Yes, if a black body absorbs all the radiation incident upon it and emits radiation according to its temperature, it will re-emit all the heat supplied to it through radiation and eventually reach a thermal equilibrium where the amount of absorbed and emitted energy is equal. In this equilibrium state, the black body will maintain a constant temperature.
A black body is an idealized concept in physics that absorbs all incident radiation, regardless of the wavelength or frequency. It is also a perfect emitter, meaning it radiates energy at all wavelengths according to its temperature. The relationship between the temperature of a black body and the amount of radiation it emits is described by Planck's law and the Stefan-Boltzmann law.
When a black body absorbs radiation, it converts the energy of the absorbed photons into internal energy, raising its temperature. Subsequently, it emits radiation based on its new temperature. The rate of energy absorption and emission will balance out when the black body reaches thermal equilibrium.

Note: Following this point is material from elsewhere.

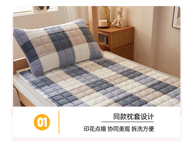 商品名称:奇丝雅 2025新款A类牛奶绒床褥床垫家用学生宿舍上下铺寝室软垫床护垫夹棉褥子-学生床单件 大蓝格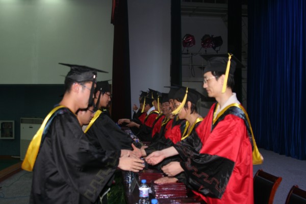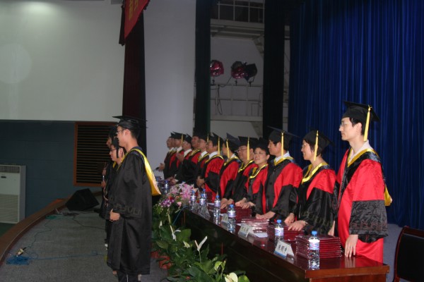 毕业典礼由李学明副书记主持。徐虹副经理宣读了“关于表彰2008届优秀毕业生的决定”;周华副经理宣读了“关于准予王月霞等306名同学毕业及授予王月霞等258名同学学士学位的决定”。与会领导分别为优秀毕业生颁发荣誉证书;为毕业生颁发了毕业证书。

If the heat supplied to a black body is solely through radiation, and the black body absorbs all the incident radiation, then it will indeed re-emit all the heat supplied. The temperature of the black body will stabilize once the absorbed energy matches the emitted energy, resulting in a steady temperature.
It's worth noting that in practical situations, real objects may not behave as perfect black bodies. They may have varying degrees of reflectivity or emissivity at different wavelengths. Therefore, the energy absorption and emission characteristics might differ. However, the concept of thermal equilibrium and the exchange of energy through radiation still hold true.